On 2025-04-06 13:56:54 +0200, Tomas Vondra wrote:
> On 4/6/25 01:00, Andres Freund wrote:
> > On 2025-04-05 18:29:22 -0400, Andres Freund wrote:
> >> I think one thing that the docs should mention is that calling the numa
> >> functions/views will force the pages to be allocated, even if they're
> >> currently unused.
> >>
> >> Newly started server, with s_b of 32GB an 2MB huge pages:
> >>
> >>   grep ^Huge /proc/meminfo
> >>   HugePages_Total:   34802
> >>   HugePages_Free:    34448
> >>   HugePages_Rsvd:    16437
> >>   HugePages_Surp:        0
> >>   Hugepagesize:       2048 kB
> >>   Hugetlb:        76517376 kB
> >>
> >> run
> >>   SELECT node_id, sum(size) FROM pg_shmem_allocations_numa GROUP BY node_id;
> >>
> >> Now the pages that previously were marked as reserved are actually allocated:
> >>
> >>   grep ^Huge /proc/meminfo
> >>   HugePages_Total:   34802
> >>   HugePages_Free:    18012
> >>   HugePages_Rsvd:        1
> >>   HugePages_Surp:        0
> >>   Hugepagesize:       2048 kB
> >>   Hugetlb:        76517376 kB
> >>
> >>
> >> I don't see how we can avoid that right now, but at the very least we ought to
> >> document it.
> > 
> > The only allocation where that really matters is shared_buffers. I wonder if
> > we could special case the logic for that, by only probing if at least one of
> > the buffers in the range is valid.
> > 
> > Then we could treat a page status of -ENOENT as "page is not mapped" and
> > display NULL for the node_id?
> > 
> > Of course that would mean that we'd always need to
> > pg_numa_touch_mem_if_required(), not just the first time round, because we
> > previously might not have for a page that is now valid.  But compared to the
> > cost of actually allocating pages, the cost for that seems small.
> > 
> 
> I don't think this would be a good trade off. The buffers already have a
> NUMA node, and users would be interested in that.
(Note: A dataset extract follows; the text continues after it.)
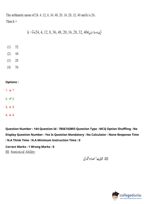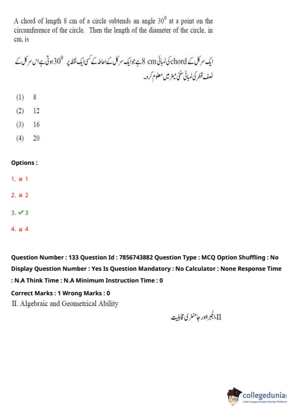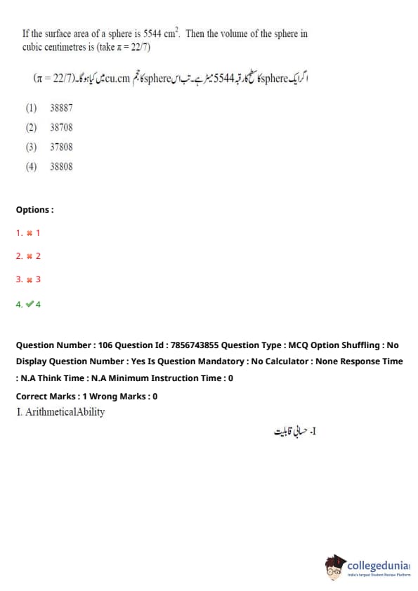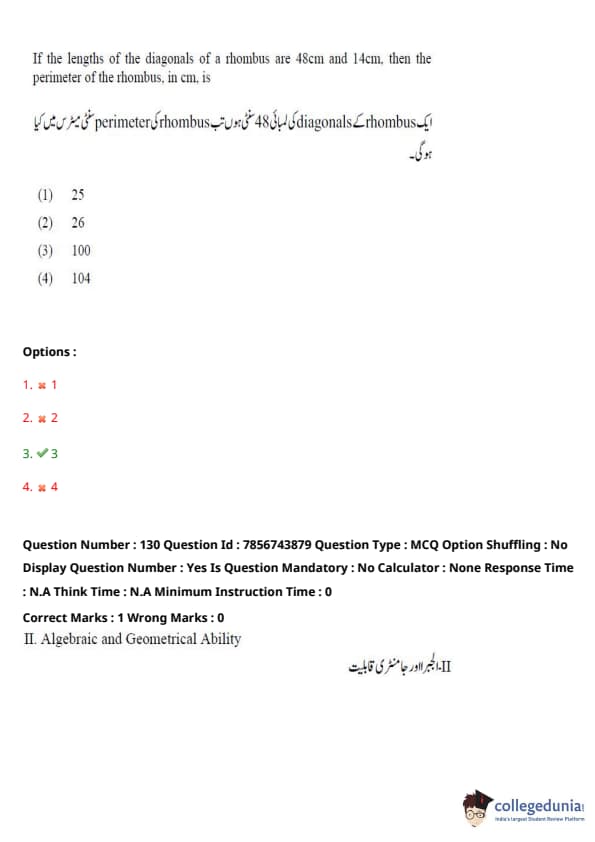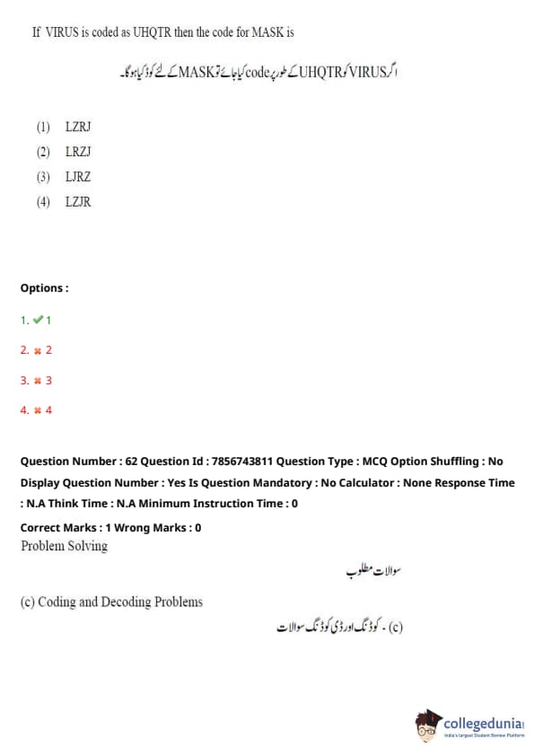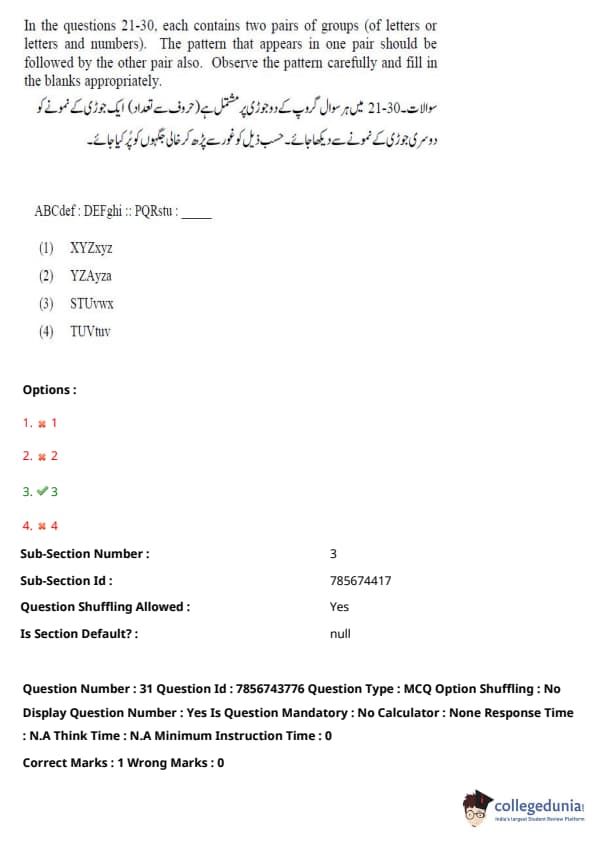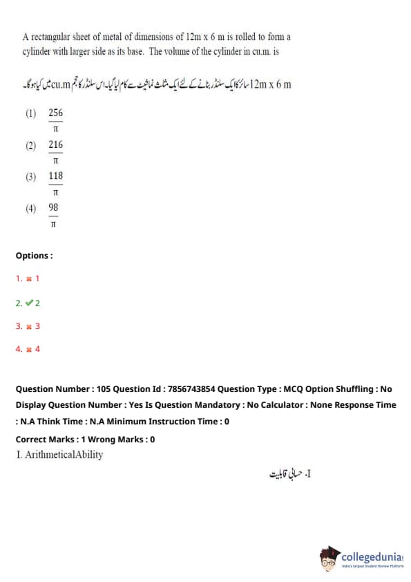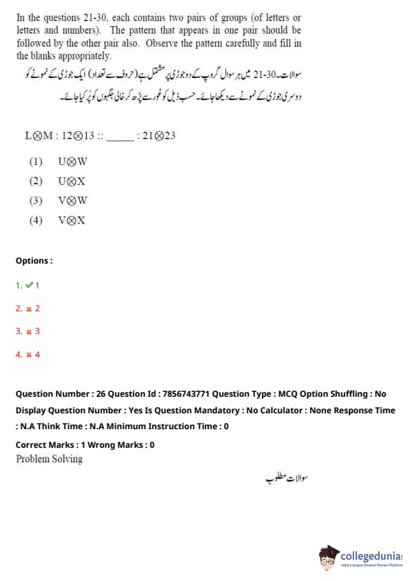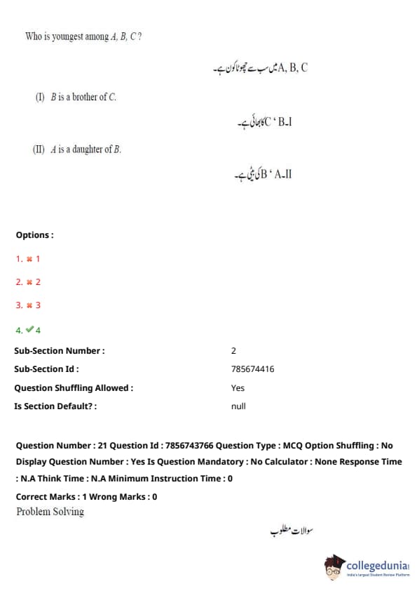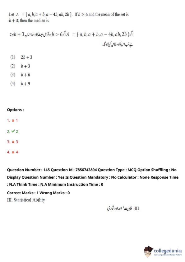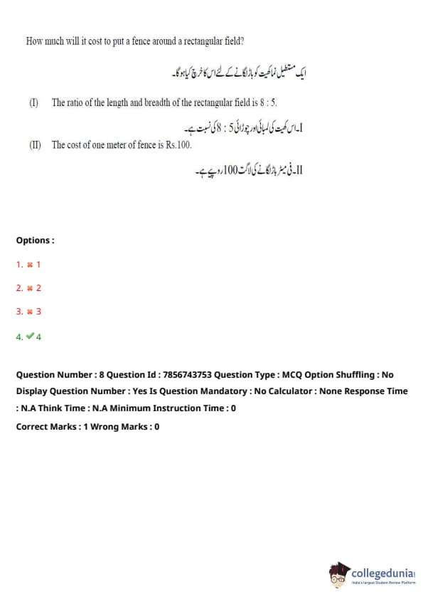 TSICET 2023 Question Paper with Answer Key PDF Urdu (May 27 - Shift 2)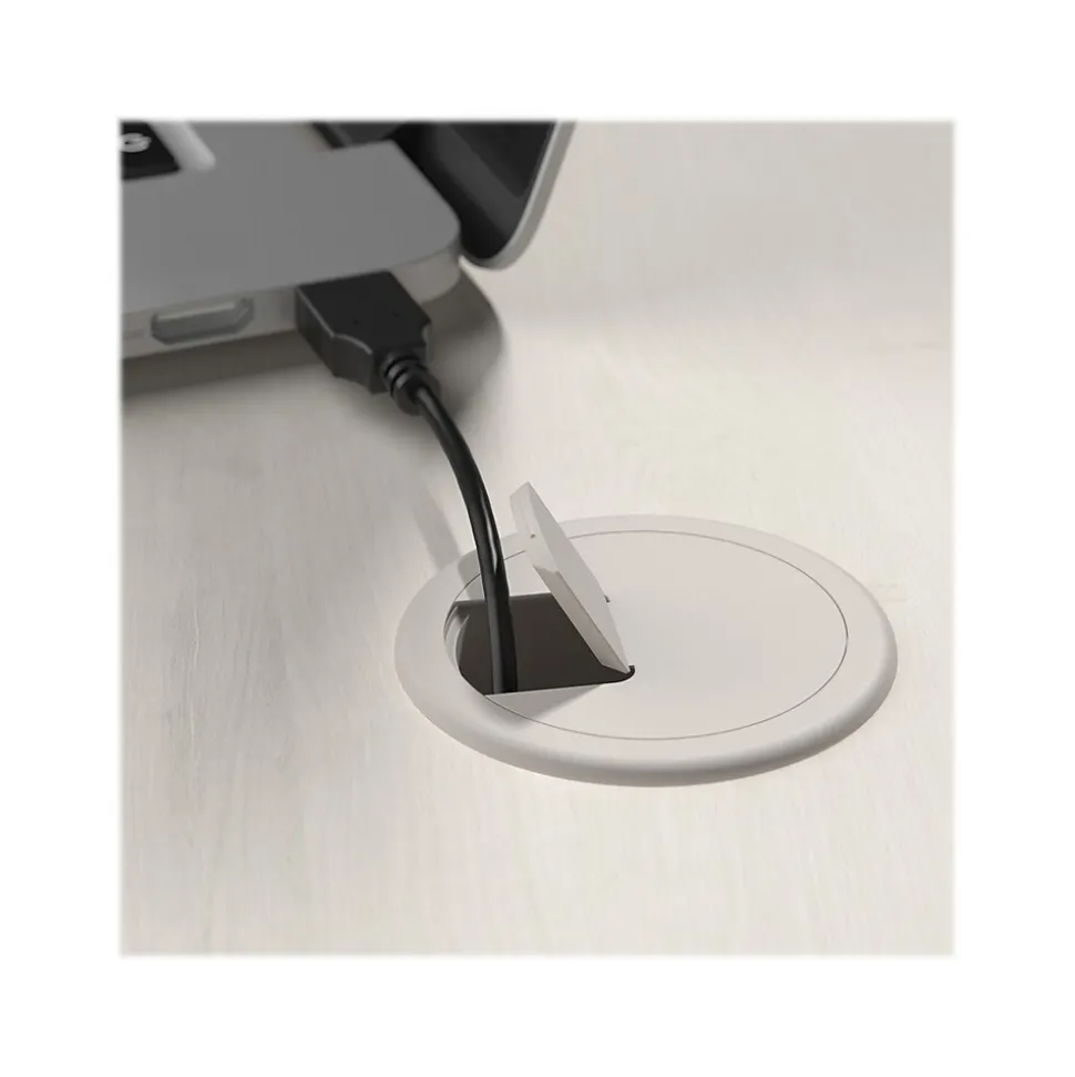- Desktop includes three built-in wire management grommets to keep cords and cables out of the way

The thing is that the buffer might *NOT* have a numa node.  That's e.g. the
case in the above example - otherwise we wouldn't initially have seen the
large HugePages_Rsvd.

Forcing all those pages to be allocated via pg_numa_touch_mem_if_required()
itself wouldn't be too bad - in fact I'd rather like to have an explicit way
of doing that.  The problem is that that leads to all those allocations to
happen on the *current* numa node (unless you have started postgres with
numactl --interleave=all or such), rather than the node where the normal first
use woul have allocated it.


> It's just that we don't have the memory mapped in the current backend, so
> I'd bet people would not be happy with NULL, and would proceed to force the
> allocation in some other way (say, a large query of some sort). Which
> obviously causes a lot of other problems.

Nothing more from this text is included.